Available data —
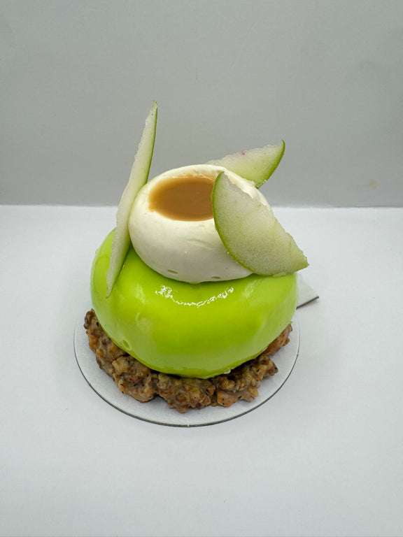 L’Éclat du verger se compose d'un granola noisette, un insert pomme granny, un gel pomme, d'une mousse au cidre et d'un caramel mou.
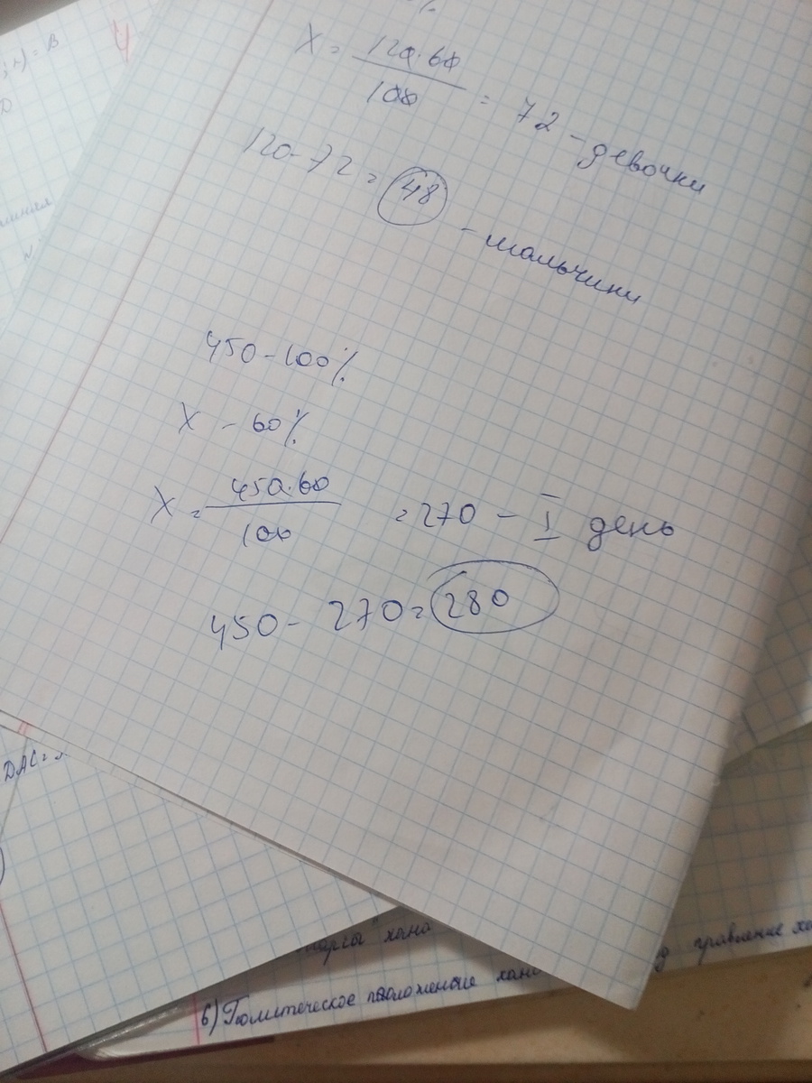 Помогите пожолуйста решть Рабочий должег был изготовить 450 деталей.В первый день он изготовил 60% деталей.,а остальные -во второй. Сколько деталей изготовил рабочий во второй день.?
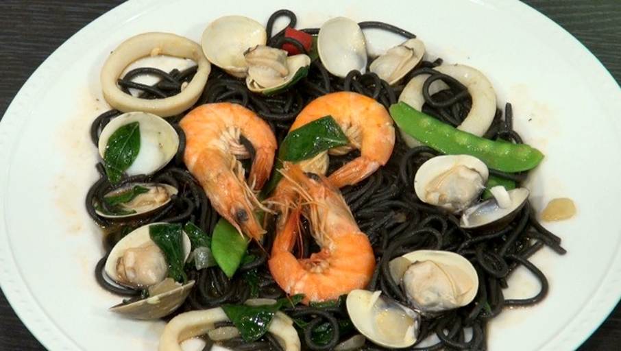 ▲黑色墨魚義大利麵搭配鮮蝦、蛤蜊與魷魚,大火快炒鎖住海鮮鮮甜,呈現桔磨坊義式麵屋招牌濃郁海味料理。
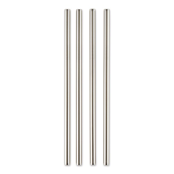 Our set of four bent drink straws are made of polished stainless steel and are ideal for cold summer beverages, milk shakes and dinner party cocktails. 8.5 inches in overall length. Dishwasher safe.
--
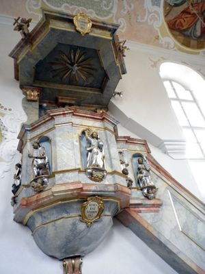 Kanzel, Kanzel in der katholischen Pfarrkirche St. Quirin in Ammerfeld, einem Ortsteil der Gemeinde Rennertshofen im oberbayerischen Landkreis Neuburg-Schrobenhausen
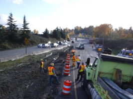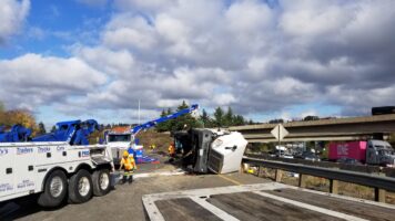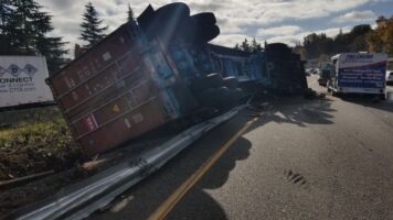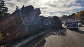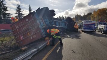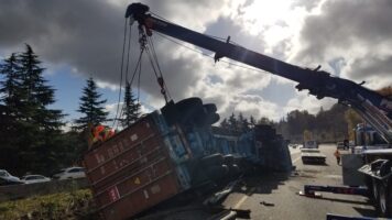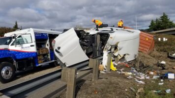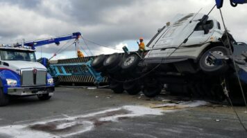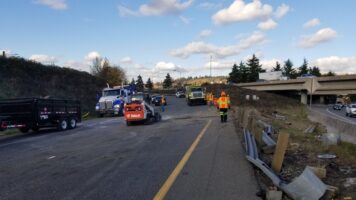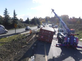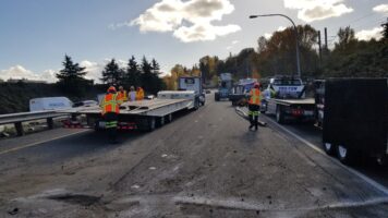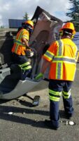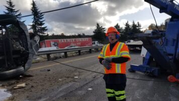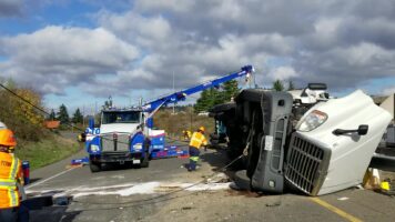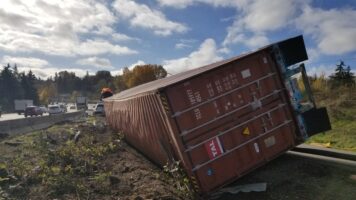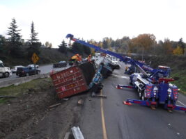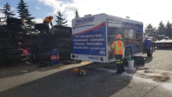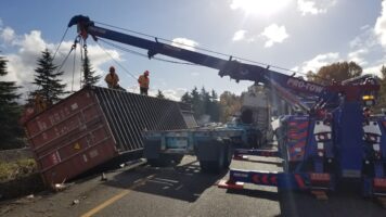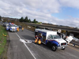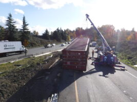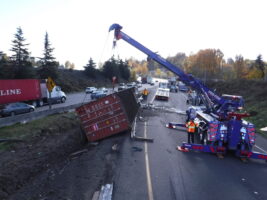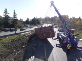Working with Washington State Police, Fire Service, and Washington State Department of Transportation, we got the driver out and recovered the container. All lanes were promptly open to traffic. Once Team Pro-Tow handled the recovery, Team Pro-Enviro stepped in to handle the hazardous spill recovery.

Your objective — Copy the lines above between the one holding "L’Éclat du verger" and the one holding "Our set of four", inclusive. Drop the pictures.

Answer below —
 L’Éclat du verger se compose d'un granola noisette, un insert pomme granny, un gel pomme, d'une mousse au cidre et d'un caramel mou.
 Помогите пожолуйста решть Рабочий должег был изготовить 450 деталей.В первый день он изготовил 60% деталей.,а остальные -во второй. Сколько деталей изготовил рабочий во второй день.?
 ▲黑色墨魚義大利麵搭配鮮蝦、蛤蜊與魷魚,大火快炒鎖住海鮮鮮甜,呈現桔磨坊義式麵屋招牌濃郁海味料理。
 Our set of four bent drink straws are made of polished stainless steel and are ideal for cold summer beverages, milk shakes and dinner party cocktails. 8.5 inches in overall length. Dishwasher safe.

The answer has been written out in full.